Artificial intelligence is moving away from the realm of science fiction and futuristic technology.
AI software can be applied to various areas of your business, from customer service to sales and marketing. In this post, we’ll take a look at some of the ways you can use Artificial intelligence to increase your sales numbers and improve your company’s bottom line.
Artificial Intelligence Solutions can automatically qualify leads and refine your sales funnel:
Machines still can’t beat the salesmanship of humans. They excel in their ability to process huge amounts of data. This means that Artificial intelligence software is a very efficient tool for spotting trends and patterns in customer data. You can automatically score leads more accurately and less subjectively than with manual scoring.
Artificial Intelligence lead scoring allows sales teams to focus on their most valuable leads and return less qualified leads to the marketing team for further nurturing through the sales funnel. Using sales software that uses predictive analysis to qualify leads means that sales and marketing teams have more time to engage with prospects and create effective marketing campaigns. No need to spend valuable staff resources analyzing data and manually qualifying leads and identifying the best prospects.
Predict cross-sell and up-sell:
Just as Artificial intelligence is effective at identifying the leads that are most likely to convert, it can also predict cross-sales and up-sales as to how a sales team is most likely to be successful for each individual lead. Chances are.
Applications of machine learning software can analyze data from past interactions with a prospect and past sales with other customers to predict the products and services that will be most attractive to each prospect.
When it comes to cross-selling it takes the guesswork out of sales teams and reduces the risk of annoying existing customers by overselling products and services they don’t care about. Cross-selling and up-selling can make a lot of money – you have a 60-70% chance of selling to an existing customer, while only a 5-20% chance to a potential new customer. However, many software development companies fail to take full advantage of the cross-selling opportunity due to a lack of understanding of customer needs. Artificial intelligence helps fill this knowledge gap, squeezing more sales out of each prospect.
Optimize your marketing messages:
How do you know if your website copy, emails, display ads, sponsored search listings, social media posts, and other marketing messages are effective? The truth is, you don’t know at least until you can start collecting data and do some A/B testing to optimize your campaigns.
There are best practices to follow when it comes to writing sales copy and of course, designing marketing communications. But these guidelines are general and may or may not apply to your unique industry or audience.
How do you know if your Facebook ad will sell more than an image of a man or a woman? You can make a good guess based on what you know about your audience, or you can split the test into two different versions of your ad. Split A/B testing will confirm what you need to know, but it takes a lot of time and effort. Did you notice that a picture of a blonde girl works better with a brunette? Great, but now it’s time to try a different headline – you can see how it turns out to be a never-ending task.
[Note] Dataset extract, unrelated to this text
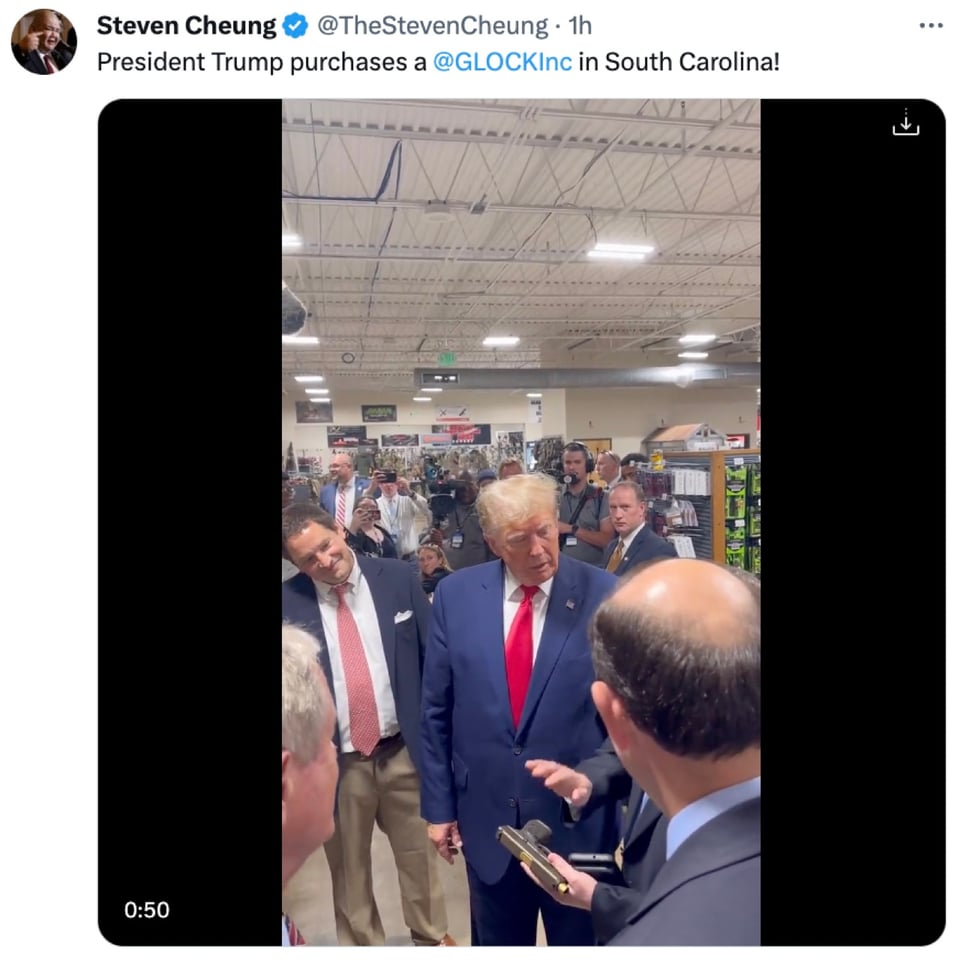 Trump campaigned in a gun store and was presented with a Glock semi-automatic handgun with his image on it. Since Trump is under federal criminal indictment, it is illegal for him to obtain, receive, or purchase a gun.

Fortunately for today’s marketers, there’s another option:
Over time, your marketing messages will automatically be optimized for the version that is most likely to result in a sale.
And what’s more, it doesn’t mean that one version is best for all users. The Applications of Artificial Intelligence is smart enough to analyze all the data and optimize it in real-time for different types of leads based on demographics, past interactions with brands, and many other factors. This type of custom customization is only possible if supported by AI-powered software.
Better sales management:
Not only to improve sales forecasting but also to add insight into the structure of sales teams, predictive analytics has proven to be an invaluable tool for sales management:
More accurate sales quotas – Incorporating factors other than sales rep performance makes it possible to create more accurate and aggressive sales quotas that are still achievable.
Sales Area Optimization – Whether you are selling by region or vertical, analytics can help you align sales expertise and resources across regions to deliver optimal results.
Realignment of sales and compensation policies:
Predictive analysis can also target new sales models, including revenue distribution. For example, Microsoft restructured its sales compensation by rewarding service consumption levels instead of direct commissions.
Predictive analytics can indicate potential changes in staffing demand in the coming quarter or year. Because it takes time to find new sales resources, anticipating demand can guide hiring strategies, allowing enough time for hiring and training to optimize sales productivity.
Project the impact of product changes:
Predictive analysis can help uncover the potential impact of product changes and reduce the impact on sales.
Although predictive analysis is clearly a powerful tool, finding the most efficient way to implement it remains a challenge. You can hire programmers to develop your own predictive analytics models, but more companies find it more profitable to outsource sales analysis and predictive modeling.